[DATA BELOW]
--- START ---

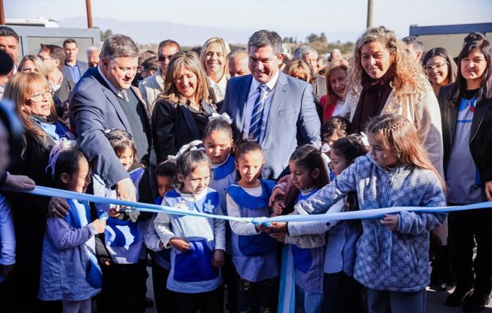 El gobernador Marcelo Orrego encabezó la inauguración del nuevo edificio de la Escuela de Nivel Inicial N° 54 Santa Rosa, ubicado en calle Enfermera Medina, en el departamento 25 de Mayo. Se trata de una obra largamente esperada por la comunidad educativa, que ahora cuenta con un espacio moderno, funcional y seguro para los primeros años de formación de niñas y niños.
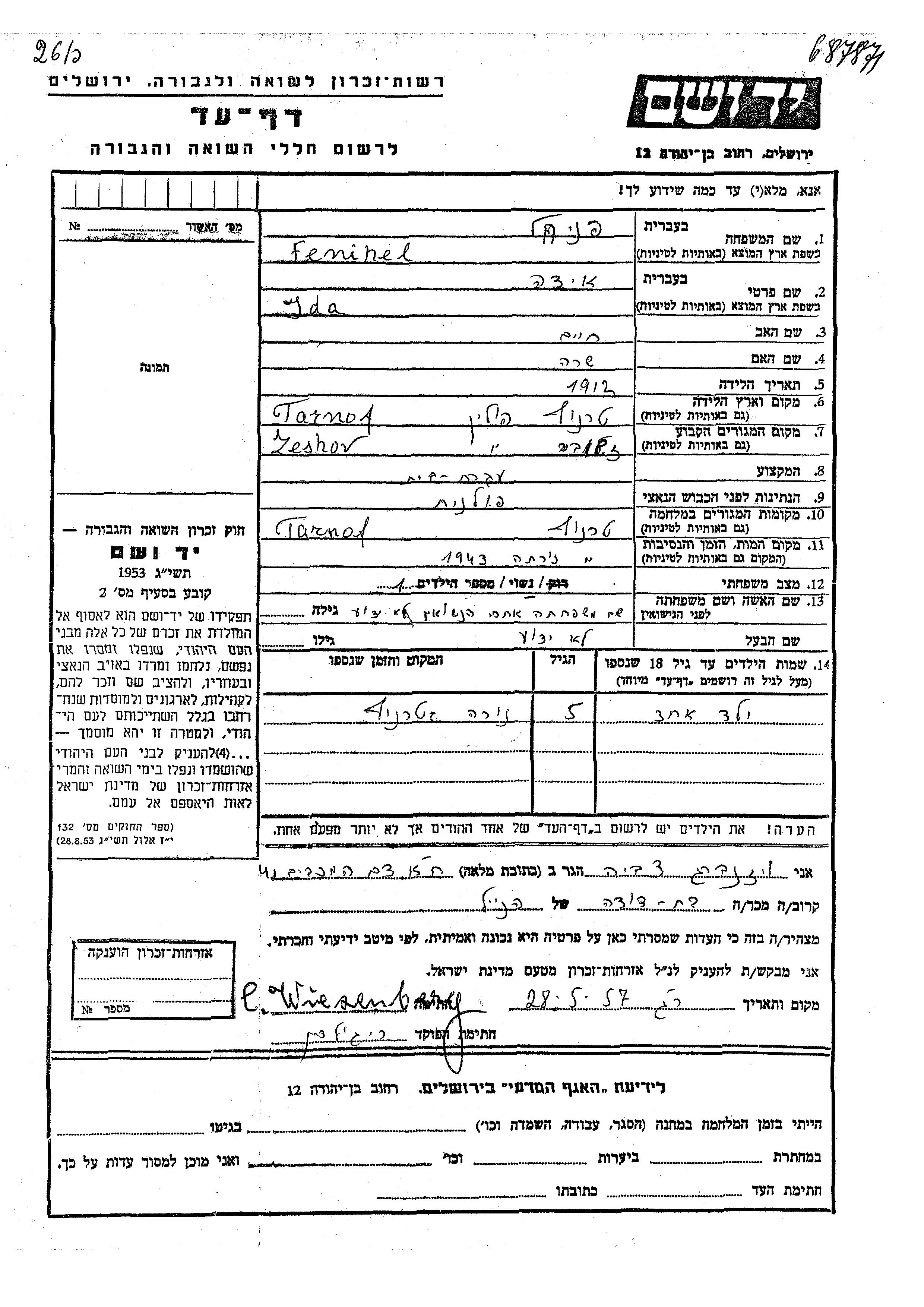 Vorname unbekannt Fenihel wurde Er/sie war der/ die Sohn/Tochter von Ida, geb. Fenihel. Er/Sie war Kind. Vor dem Zweiten Weltkrieg er/sie in Zeshov, Polen. Während des Krieges war er/sie in Tarnof, Polen.
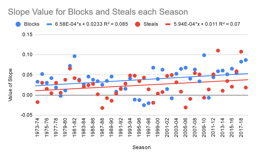 We have the overall picture of how the correlations look for all seasons combined, and we can also look at how they change from season to season. First, we look at the slopes (win percentage vs adjusted blocks/steals) over time:

--- END ---

[WORK ORDER] Copy the listing over exactly, skipping the pictures it holds.

[FINISHED EXERCISE]
 El gobernador Marcelo Orrego encabezó la inauguración del nuevo edificio de la Escuela de Nivel Inicial N° 54 Santa Rosa, ubicado en calle Enfermera Medina, en el departamento 25 de Mayo. Se trata de una obra largamente esperada por la comunidad educativa, que ahora cuenta con un espacio moderno, funcional y seguro para los primeros años de formación de niñas y niños.
 Vorname unbekannt Fenihel wurde Er/sie war der/ die Sohn/Tochter von Ida, geb. Fenihel. Er/Sie war Kind. Vor dem Zweiten Weltkrieg er/sie in Zeshov, Polen. Während des Krieges war er/sie in Tarnof, Polen.
 We have the overall picture of how the correlations look for all seasons combined, and we can also look at how they change from season to season. First, we look at the slopes (win percentage vs adjusted blocks/steals) over time:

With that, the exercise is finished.